Nonetheless, I agreed to go swimming with Henry.

On swim day, the kids’ flailing, spinning bodies skimmed across the classroom like spandex encased tumbleweeds.  A teacher commanded the group’s attention (no easy feat) and they sat down for a pre-swim snack. As the kids munched on goldfish and blueberries, Henry’s friend X called to me.

“Henry’s Mom!” X said with a smile.  “My Mommy….you.”
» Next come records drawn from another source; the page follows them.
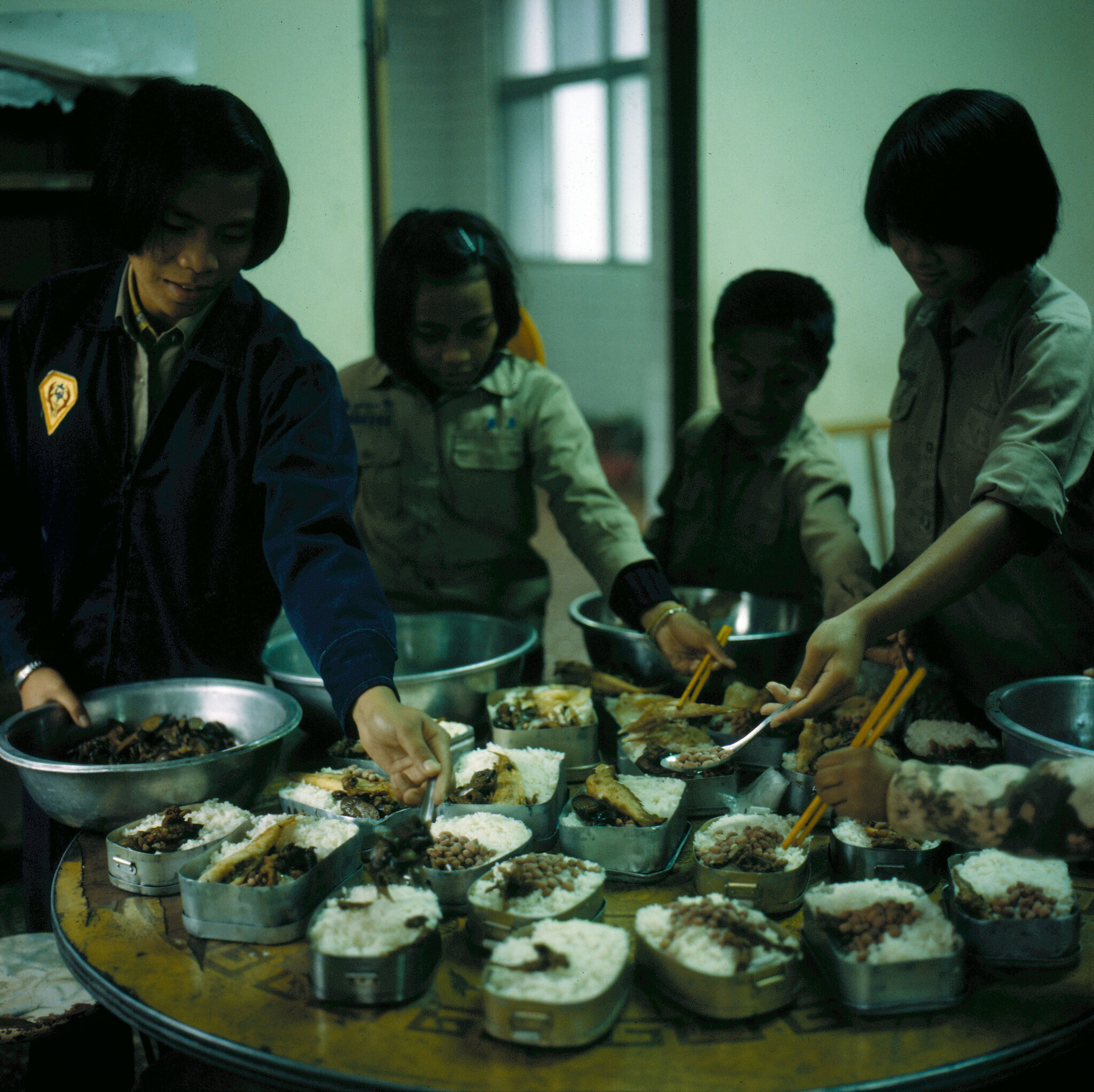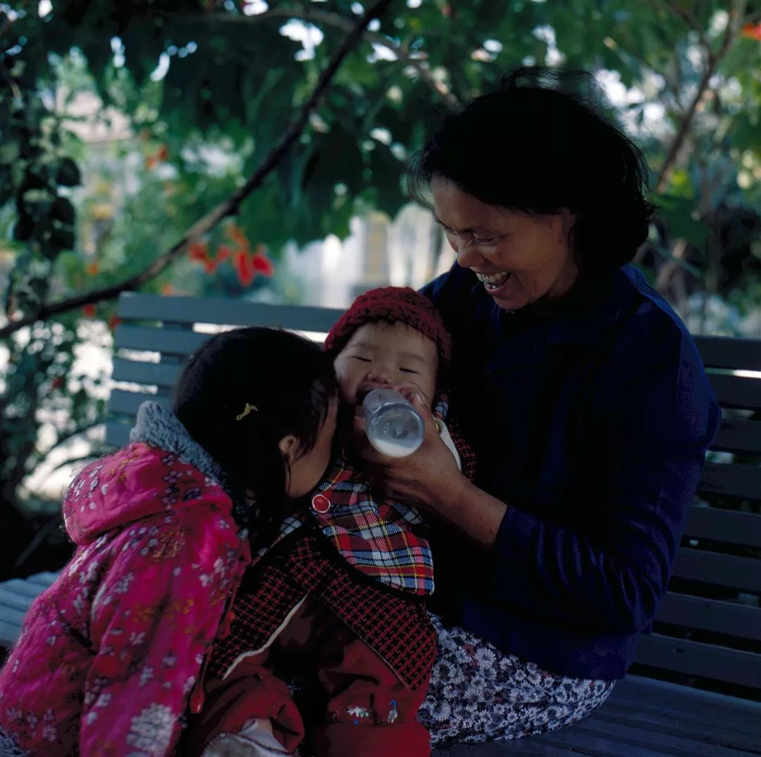 清晨五點,一潭深水似的天空仍然凝浮著冷冷的薄霧,微暗中我們信步所至的四處漫走。廚房的大灶燃著熊熊爆升的火光,白色的米粥在深大的鐵鍋中滾滾沸騰著。褓姆們洗菜切菜,身邊還繞著打轉的稚齡孩童。而楊媽媽正在忙著分配卅多個便當的菜食,有炸魚塊、青菜、油豆腐,塞得滿滿的。楊媽媽一直是鉅細兼顧地在照顧著全院孩子們、員工們的生活。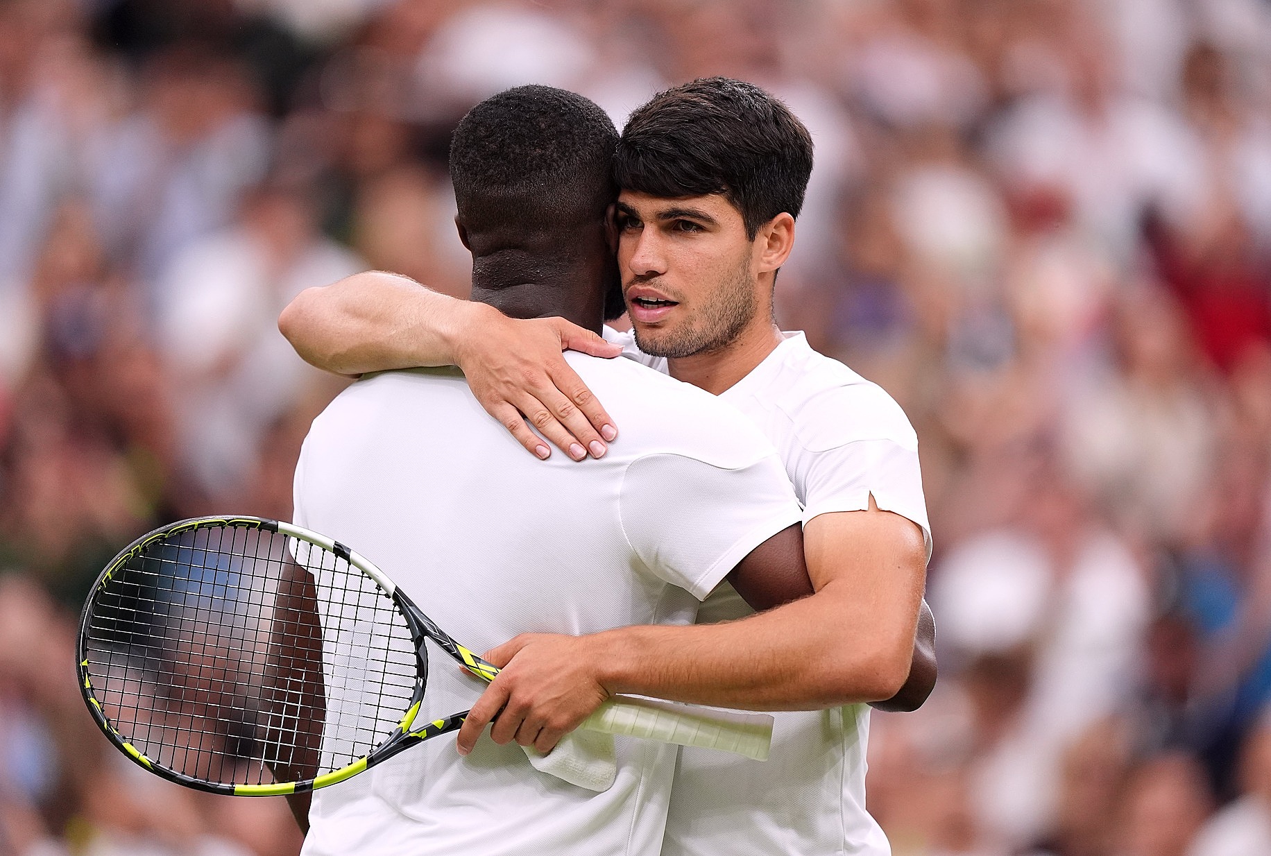 Alcaraz (phải) ôm động viên Tiafoe sau trận đấu trên sân Trung tâm Wimbledon,hôm 5/7. Ảnh: Reuters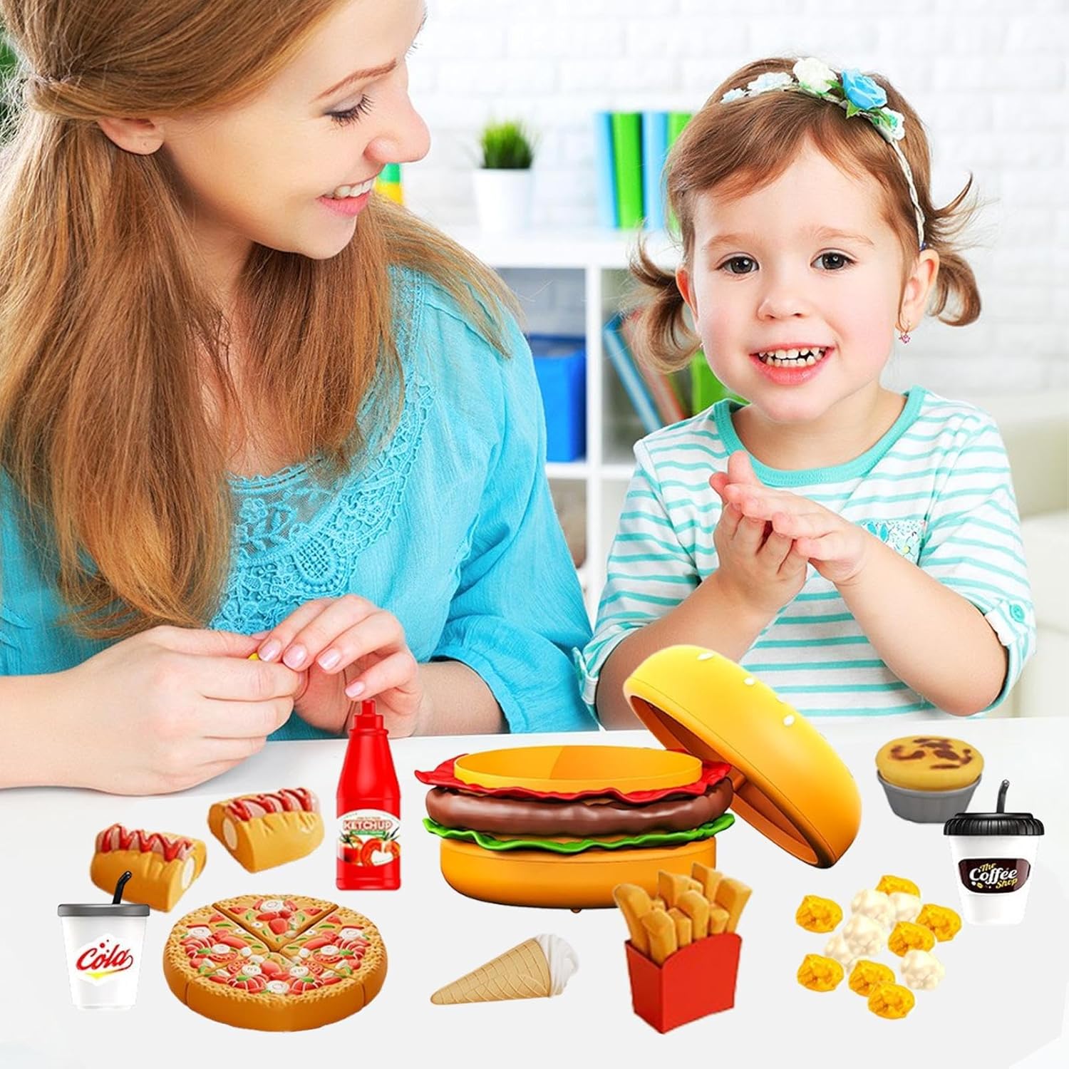 Essenziali del Gioco Simbolico: Accessori alimentari realistici combinati con colori vivaci sviluppano la creatività e mantengono l'interesse dei in scenari interattivi di cucina Benefici giocosi: Promuove lo sviluppo cognitivo attraverso attività che stimolano la riflessione logica e perfezionano le capacità motorie, con set alimentari-giocattoli interattivi che offrono benefici educativi. Partecipazione di Gruppo: Consente attività di gioco di ruolo condivise che stringono i legami familiari, incoraggia il gioco interattivo e promuove interazioni sociali positive per loro intorno a una cucina giocattolo completa. Durata Garanzia: la robusta costruzione in ABS garantisce il mantenimento degli standard di sicurezza durante i giochi d'imitazione prolungati in ambienti adatti, preservando le sue qualità a lungo termine senza deformazione Mobilità migliorata: ottimizza l'organizzazione e la mobilità grazie al suo design a forma di hamburger, sviluppando al contempo le abilità pratiche dei giochi creativi culinari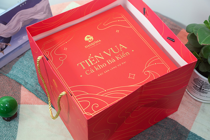 Bao bì của cá kho Bá Kiến cũng là một yếu tố quan trọng khi lựa chọn làm quà Tết. Sản phẩm được đóng gói đẹp mắt, hộp quà tinh tế với tem nhãn sang trọng, tạo ấn tượng tốt ngay từ lần đầu tiên nhìn thấy. Một hũ cá kho được trình bày gọn gàng trong hộp quà không chỉ là món quà vật chất mà còn là món quà mang giá trị thẩm mỹ, nâng tầm hình ảnh doanh nghiệp trong mắt khách hàng và đối tác.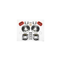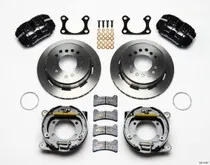 Forged Dynapro Low-Profile Pro-Series rear disc brake kits provide a complete solution for popular muscle car rear axles on applications that require a parking brake assembly and extra clearance for 14.00" to 15.00" rim applications. Forged billet Dynapro Low-Profile four-piston calipers 11.00" one-piece hat and rotor assemblies, and high friction pads provide optimized and balanced braking for all types of custom performance street/strip and show machines. The neatly hidden internal shoe system provides a clean installation with superior static holding power for parking. Optional caliper finishes and rotor designs enable the builder to personalize the style and optimize brake performance for every individual application.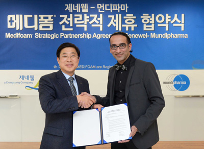문병현 제네웰 대표이사는 “메디폼?은 국내에서 이미 제품의 우수성을 인정받아 습윤 드레싱 분야에서 1위를 달리고 있다”며 “국내 순수 기술로 개발한 제네웰의 메디폼?과 세계적인 제약사인 먼디파마가 보유한 글로벌 네트워크의 조합은 전략적으로 이상적인 결합이며, 제휴를 통해 메디폼?이 세계적인 브랜드로 성장해 나가는 계기가 될 것으로 기대한다”고 밝혔다.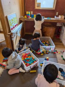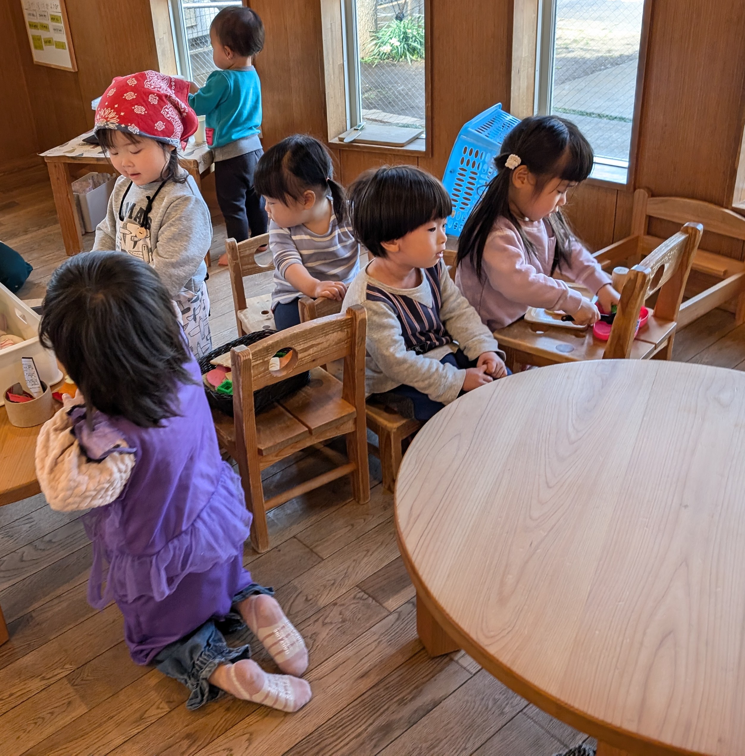 今日は年長さん達が出かけていたので小さい子達はお部屋で過ごすことにしました。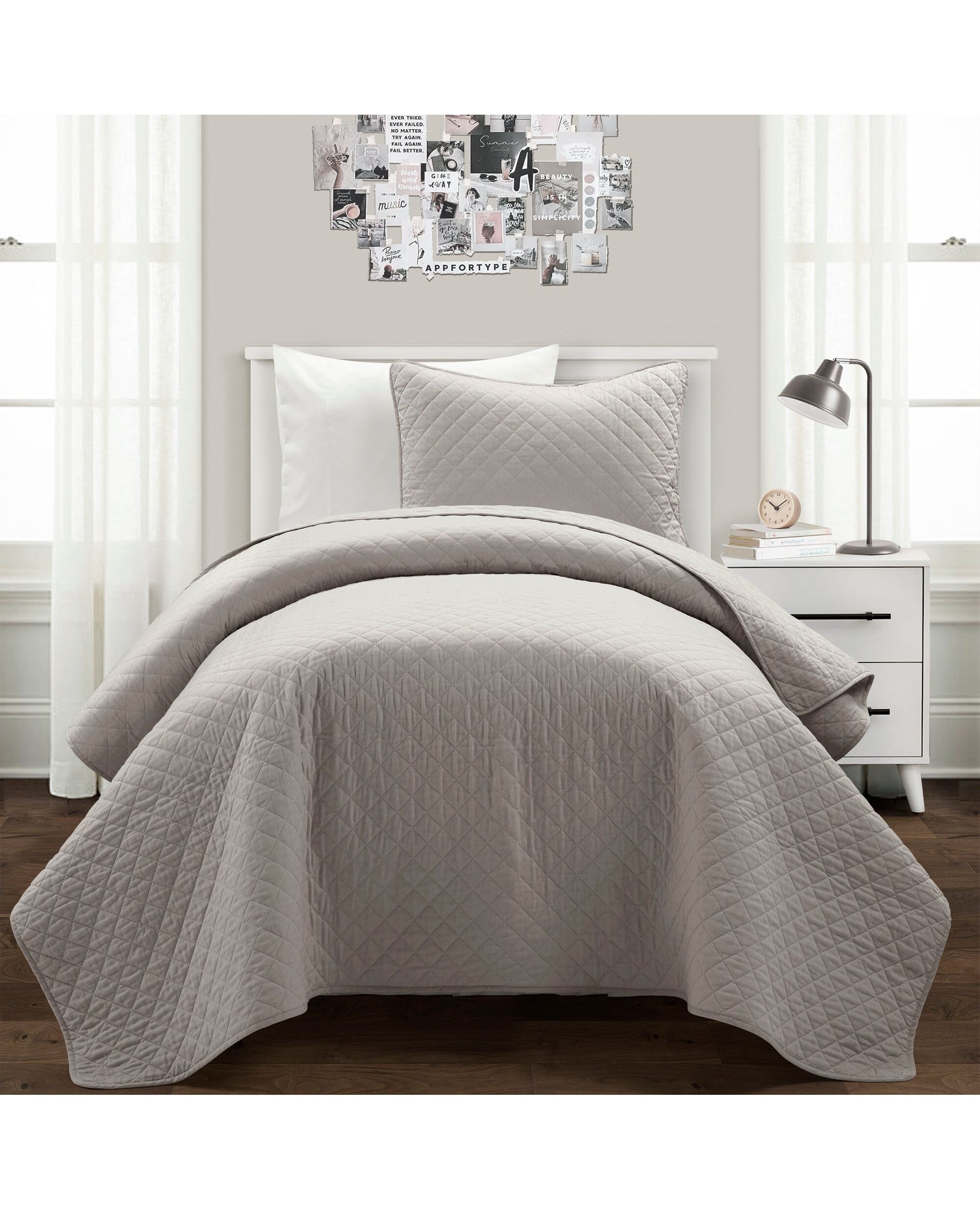 Ava Diamond Oversized Cotton Quilt Gray 2Pc Set Twin-Xl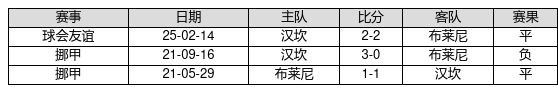布莱尼 VS 汉坎两队近10年的交战次数为3场,布莱尼0胜2平1负,赢球概率为0.0%,平局概率为66.7%,输球概率为33.3%。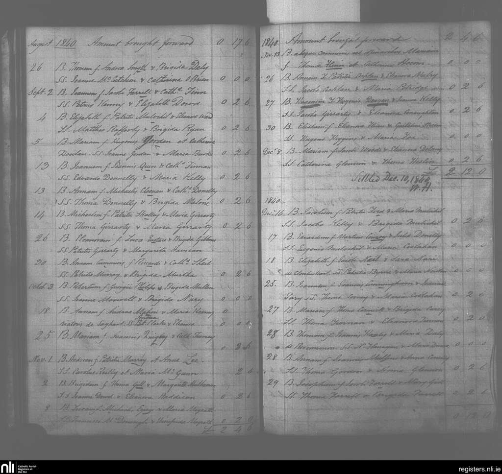 Shrule; County of Longford; Diocese of Ardagh. Baptisms, Aug. 1840 to Dec. 1840

I could not catch X’s voice from across the room. “What, honey?” I asked, while wishing for coffee. Did I have time to run out for coffee?

The second time, X’s words were crystal clear: “My. Mommy. Can’t. Stand. You.”

Ahhh. Got it. Message received.

How was I supposed to respond to that?  With a neutral “Thank you for sharing”?  Or maybe a snarky “Tell her I feel the same way”?  But I was caught off-guard by X’s comment. I recalled chatting with X’s mom on numerous occasions. In my recollections, she was always friendly–often saying hello and initiating our conversations.

I quickly concluded there was no appropriate response and I made none. Soon, snack was over and we were on our way to the pool. Henry was happy to swim with me and I delighted in his delight.

Later, as I reflected on X’s statement, my own Mommy-voice echoed in my head: “It’s OK. You aren’t going to be friends with everyone.”